Other gain on investments was $259 million for the year ended December 31, 2011, compared to $502 million in 2010. The decrease was
primarily due to lower realized investment gains on our Insurance operations investment portfolio.
Other income, net of losses, increased 48% for the year ended December 31, 2011, compared to 2010. The increase during 2011 was
primarily due to the positive impact of a $121 million gain on the early settlement of a loss holdback provision related to certain historical
automotive whole-loan forward flow agreements and a favorable change in the fair value option election adjustment.

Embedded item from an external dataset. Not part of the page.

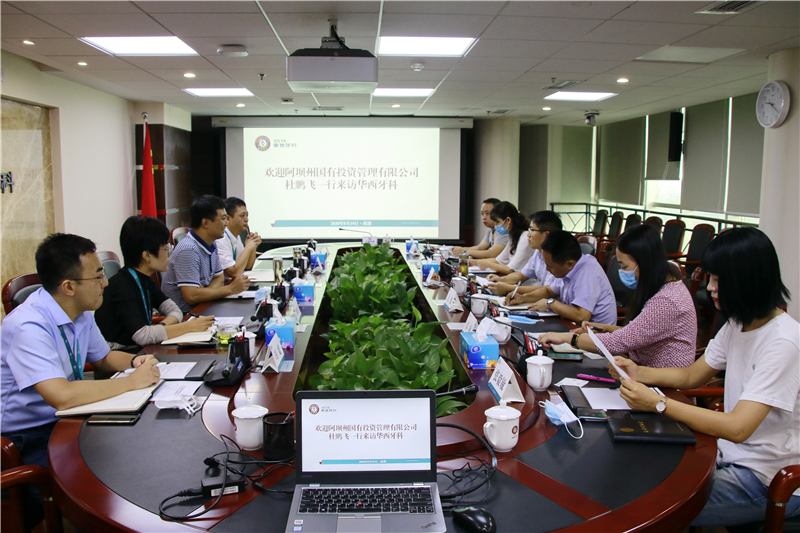 8月19日,集团公司党委委员、副总经理兼华西牙科党委书记、董事长罗永平在华西牙科公司会见阿坝州国有投资管理有限公司(以下简称阿坝州国投公司)副总经理杜鹏飞一行。

The provision for loan losses was $188 million for the year ended December 31, 2011, compared to $357 million in 2010. The decrease
during 2011 reflected improved credit quality of the overall portfolio as a result of the decision to curtail nonprime lending in 2009 and the
continued runoff and improved loss performance of our Nuvell nonprime automotive financing portfolio.
Insurance losses and loss adjustment expenses decreased 12% for the year ended December 31, 2011, compared to 2010. The decrease
was primarily due to lower frequency and severity experienced in our U.S. vehicle service contract business and the sale of certain
international insurance operations during the fourth quarter of 2010, which was partially offset by higher weather-related losses in the United
States on our dealer inventory insurance products.
Other operating expenses decreased 5% for the year ended December 31, 2011, compared to 2010. The decrease was primarily related to
a decrease of $346 million in mortgage representation and warranty reserve expense, lower insurance commissions expense, and lower
vehicle remarketing and repossession expense. The decrease was partially offset by a $230 million expense related to penalties imposed by
certain regulators and other governmental agencies in connection with mortgage foreclosure-related matters.
We recognized consolidated income tax expense of $51 million for the year ended December 31, 2011, compared to $104 million in
2010. For those respective periods, we had a full valuation allowance against our domestic net deferred tax assets and certain international net
deferred tax assets. Accordingly, tax expense was driven by U.S. state income taxes in states where profitable subsidiaries are required to file
separately from other loss companies in the group or where the use of prior losses is restricted, and foreign income taxes on pretax profits
within foreign jurisdictions. The decrease in income tax expense for 2011, compared to 2010, was driven by increased foreign pretax losses.